L A PROMESSE BAFOUÉE
D
OBAMA

Le grand écrivain Richard Ford, remarquable portraitiste de l'Amérique profonde, parle de son président, de son pays et de injustice

(奥深いアメリカの肖像を描いて注目すべき、著名な作家リチャード・フォードが、大統領と自らの国、不当性を語る)

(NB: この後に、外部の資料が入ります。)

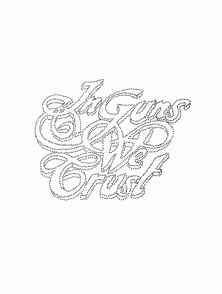 Pièce en tirs réalisée sur le mur séparant le salon de la cuisine de l’appartement d’un particulier et constituée de 550 tirs dont les impacts dessinent une parodie du "In god we trust" inscrit sur les dollars américains.
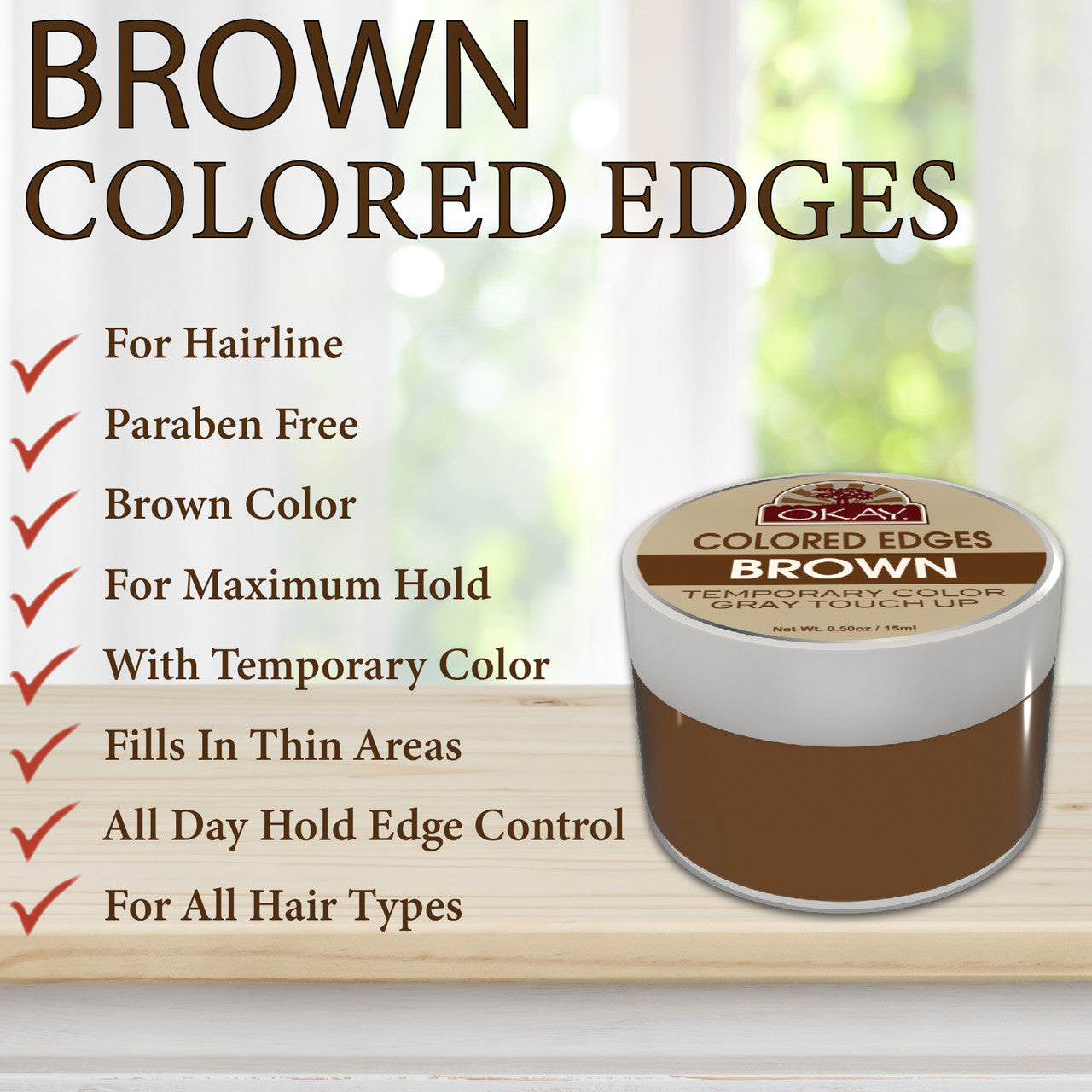 Colored Edges is great for touching upgray areasin between treatments and works great for edge control. Use this product toinstantly conceal gray regrowth areas and to tame unruly edges. It can easily be applied to eyebrows, hairlines, sideburns, new hair growth, beards, mustaches and more. This is a wash out hair color solution available in 3 colors.
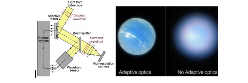 Adaptive Optics has become an even more important technology with the increase of the diameter of the telescope. AO uses wavefront sensing to measure wavefront distortions at specific altitude and a deformable mirror to compensate for those distortions; a computer is processing the measured wavefront and controls a deformable mirror.
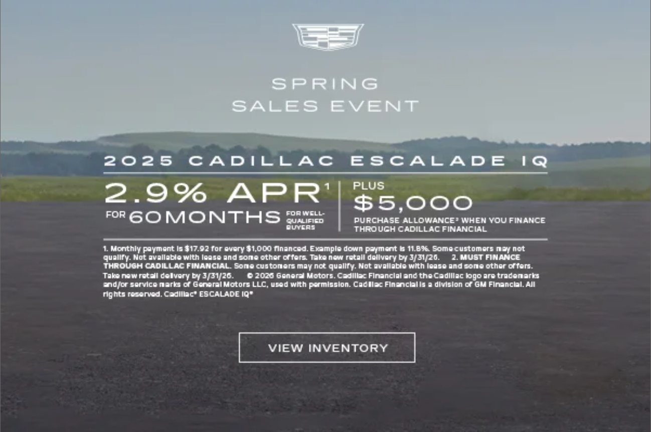1. Monthly payment is $17.92 for every $1,000 financed. Example down payment is 11.8%. Some customers may not qualify. Not available with lease and some other offers. Take new retail delivery by 3/31/26. 2. MUST FINANCE THROUGH CADILLAC FINANCIAL. Some customers may not qualify. Not available with lease and some other offers. Take new retail delivery by 3/31/26. © 2026 General Motors. Cadillac Financial and the Cadillac logo are trademarks and/or service marks of General Motors LLC, used with permission. Cadillac Financial is a division of GM Financial. All rights reserved. Cadillac® ESCALADE IQ®
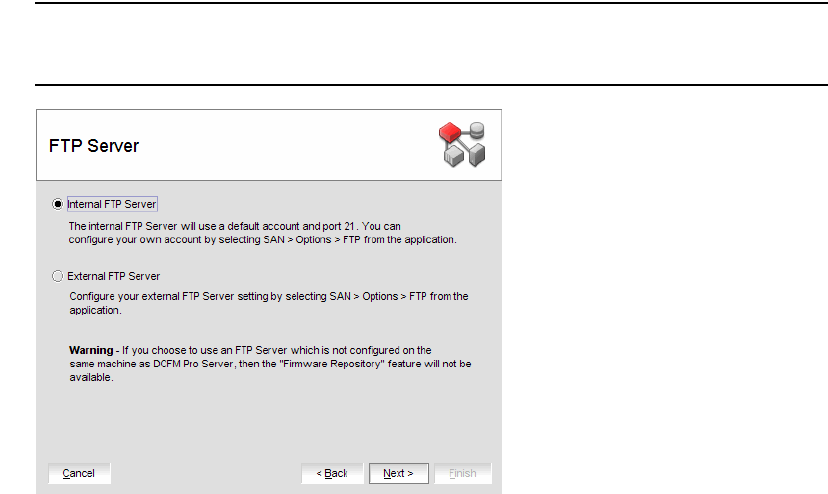9. Select Internal FTP Server or External FTP Server on the FTP Server screen and click Next.
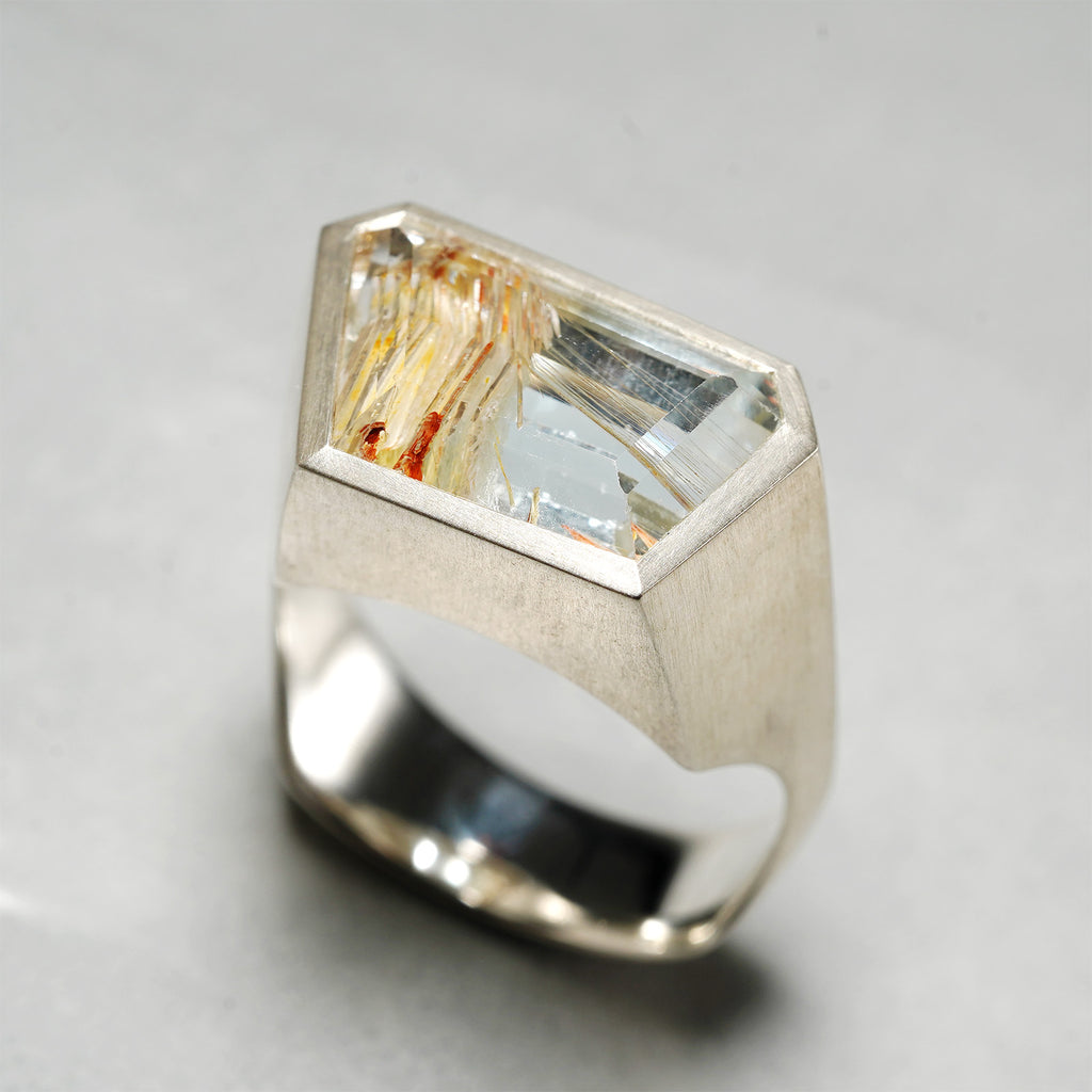 建造物のようなデザインはシルバーを用いてNEPHならではのシャープな造形をより自由な構成でリングに仕上げています。

PROPOS RECUEILLIS PAR FRANÇOIS ARMANET



Le Nouvel Observateur それぞれの本で、あなたはアメリカ中産階級の類まれな観察者として認められてきました。この奥深いアメリカは今日、どのような状況でしょうか?
Richard Ford どの人種集団もひっくるめて、アメリカ人は皆、自分の生活が今あるよりも良くなるはずだったという感情を共有しています、ごくわずかな特権階級や強者を除いて。騙し取られた、蔑にされた約束、という感情を。確かに、我々は自分自身のことしか考えられない。しかし私は絶えず、事態が本来あるべきだった状態ではないという感覚に直面しています。黒人にとって、あるいはメキシコ人移民にとって、この社会的不公平の感情は正当です。しかし白人中産階級でさえも騙されたと感じ、急進化し、極右思想に転向しています。国民国家という思想の危機の原因はそこにあります。オバマの大統領当選は私がこれまでに経験した最も重要な政治的事件の一つです。それでもこの当選は蔑にされた約束という印象を強めるだけでした。最もオバマを憎んでいるのが誰かご存知ですか? 黒人です。最近、アラバマ州の小さな黒人向け大学の学長と飛行機に乗りましたが、彼はこう言いました、「オバマは我々に何もしてくれなかった。」 これはもちろん、間違いです。しかし黒人は、オバマが十分にはしなかったという気持ちを抱いています。含みを帯びた判定の代わりに、全面的な拒絶が観察されます。
人々が毎日オバマに何かを要求しているという印象があります。彼が多くの努力をしていると、私は本当に信じていますが、毎日の奇跡を彼に期待することなどできません。さらに、有権者は非常に多様であり、彼を憎む共振駅な人種差別主義者をも含みます。ある著名な法律家が言ったように、「自由の精神は、敵対者に余地を残しておく能力から成る。」 これこそオバマがしようと努めていることです。たとえ敵対者が醜い動機を持っている時でも。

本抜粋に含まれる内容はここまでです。